Bone scan index reliably predicts prostate cancer outcomes
CHICAGO — An automated bone scan index has been confirmed as a prognostic biomarker of OS, radiographic PFS and skeletal-related events among men with castration-resistant prostate cancer and bone metastases in a phase 3 trial presented at the ASCO Annual Meeting.
“Early bone scan progression is associated with reduced overall survival. The automated bone scan index permits a faster and more fully quantitative biomarker that can be used for clinical trials without limiting the clinical trial design to prevent both response and progression perturbations,” Andrew J. Armstrong, MD, associate professor of medicine, pharmacology and cancer biology, and surgery at Duke University School of Medicine, said in a presentation. “The primary objective of this analysis was to clinically validate the baseline-motivated bone scan index as a prognostic biomarker for overall survival.”
The automated bone scan index is a computational approach to bone scan imaging that uses artificial intelligence to determine the percentage of skeletal mass that is affected by cancer. The trial aimed to further validate the prognostic value of this tool.
Armstrong and colleagues enrolled 1,245 men with metastatic, castration-resistant prostate cancer and bone metastases who were treated with tasquinimod (Active Biotech) or placebo and conducted whole-body scans at screening on all participants.
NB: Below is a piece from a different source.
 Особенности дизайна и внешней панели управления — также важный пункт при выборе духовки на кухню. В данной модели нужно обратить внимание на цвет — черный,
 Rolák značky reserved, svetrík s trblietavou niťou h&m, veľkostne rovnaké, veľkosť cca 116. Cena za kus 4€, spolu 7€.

The researchers locked the prospective biomarker analysis of the automated bone scan index before unblinding treatment. They analyzed automated bone scan indexes for independent prognostic correlation with OS, radiographic PFS and symptomatic skeletal-related events.
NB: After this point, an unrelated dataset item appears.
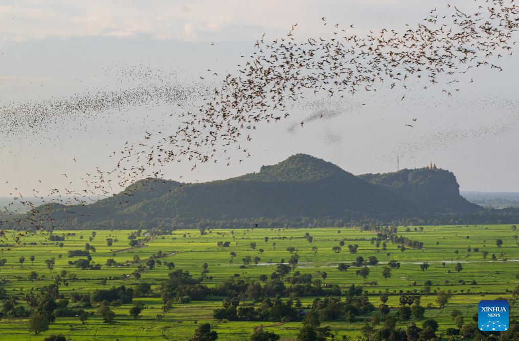 This photo taken on Aug. 13, 2025 shows a view of the Phnom Sampov, a limestone mountain and religious site, in Battambang province, Cambodia. Cambodia's Ministry of Environment, in collaboration with Fauna & Flora-Cambodia Program, on Monday released guidelines for sustainable development and management of caves, the first of their kind for the country. The guidelines mark a significant step towards the protection and sustainable management of Cambodia's unique limestone karst ecosystems, said a joint press release. (Fauna & Flora-Cambodia Program/Handout via Xinhua)

The researchers evaluated scans from 241 trial locations in 37 countries. The patients who received automated bone scan indexes (n = 721) appeared characteristic of all participants involved in the study based on OS outcomes and patient characteristics at the time of screening.
The median automated bone scan index was 1.07 (standard error = 0.05). The researchers grouped the different indexes into quartiles (n = 180-181); levels ranged from Q1 to Q4 (Q1, 0-0.3; Q2, > 0.3-1.1; Q3, > 1.1-4; and Q4, > 4).
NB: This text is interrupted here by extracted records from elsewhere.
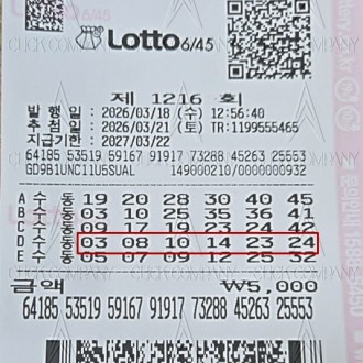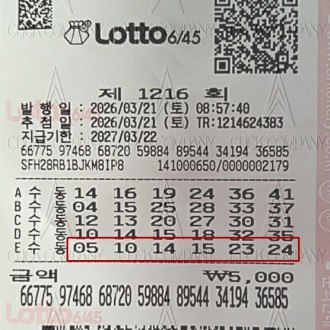 로또클릭 1216회차 동행복권 당첨번호2026-03-21 3101415232425 1등 2,148,654,000원 당첨자수 14명 2등 57,626,736원 당첨자수 87명 3등 1,576,085원 당첨자수 3181명 동행복권 추첨방송 [ 1216회 ] - 2026년 03월 21일 방송 동행복권 사이트 바로가기
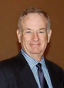 William James O'Reilly Jr.[1] (10 de septiembre de 1949) es un presentador de televisión, director de un programa de radio, escritor y columnista estadounidense de línea conservadora.[2][3] A finales de los años 1970 y 1980, trabajó para estaciones locales y luego para CBS News y ABC News. Fue el presentador del programa Inside Edition de 1989 a 1995. En 1996, comenzó a trabajar para Fox News Channel, donde presentó The O'Reilly Factor hasta 2017. Ha escrito varios libros y entre 2002 y 2009 presentó The Radio Factor.[4] Perdió su puesto en 2017 tras una investigación de New York Times, que reveló que durante años él y la Fox News habían pagado 13 millones de dólares en acuerdos extrajudiciales por acoso sexual.[5][6][7][8]
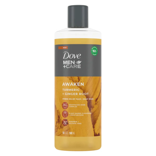 Experience the refreshing and invigorating scent of Dove Men+Care Awaken Turmeric and Ginger Root Body Wash. Formulated with the power of MicroMoisture technology, this body wash cleanses and hydrates your skin, leaving it feeling energized and smelling great all day long. Say goodbye to dull and dry skin with Dove Men+Care.

Median OS ranged from 35 months in Q1 to 13 months in Q4 (P < .0001). The researchers observed significant associations between baseline automated bone scan index and OS (HR, 1.2 per doubling of bone scan index; P < .0001); these correlations maintained independent associations with OS after the researchers adjusted for treatment, PSA, C-reactive protein, LDH and albumin. The baseline automated bone scan index also correlated with radiographic PFS (P = .0005), time to symptomatic progression (P < .0001) and time to symptomatic skeletal-related events (P = .001).
This trial is the largest to date to show “clinically important outcomes associated with the bone scan index at baseline,” Armstrong said.
He also discussed the ways in which this study may inform practice.
“The automated bone scan index could be considered for clinical trial eligibility or for risk stratification based on these defined thresholds; they may be promising as endpoints. Ongoing work to define bone scan index criteria for bone progression will inform future work that may create a more quantifiable bone marker,” Armstrong said. “This is not meant to replace the radiographic interpretation by nuclear medicine physicians who read a bone scan. It is intended to quantify what they’re measuring so we can incorporate this into clinical trial practice and the designing of endpoints.” – by Julia Ernst, MS
Armstrong AJ, et al. Abstract 5006. Presented at: ASCO Annual Meeting; June 2-6, 2017; Chicago.
Disclosures: Armstrong reports he is a consultant or advisor for Bayer, Dendreon, Eisai, Janssen Biotech, Medivation, Novartis and Sanofi; receives honoraria from and serves on the speakers bureau for Dendreon and Sanofi; receives travel, accommodations and expenses from Dendreon, Janssen Biotech, Medivation and Sanofi; receives research funding through his institution from Astellas Pharma, Bayer, Bristol-Myers Squibb, Dendreon, Gilead Sciences, Janssen Oncology, Medivation, Novartis, Pfizer and Sanofi; and receives patents, royalties and other intellectual property through his institution for circulating tumor cell novel capture technology. Please see the full study for a list of all other researchers’ relevant financial disclosures.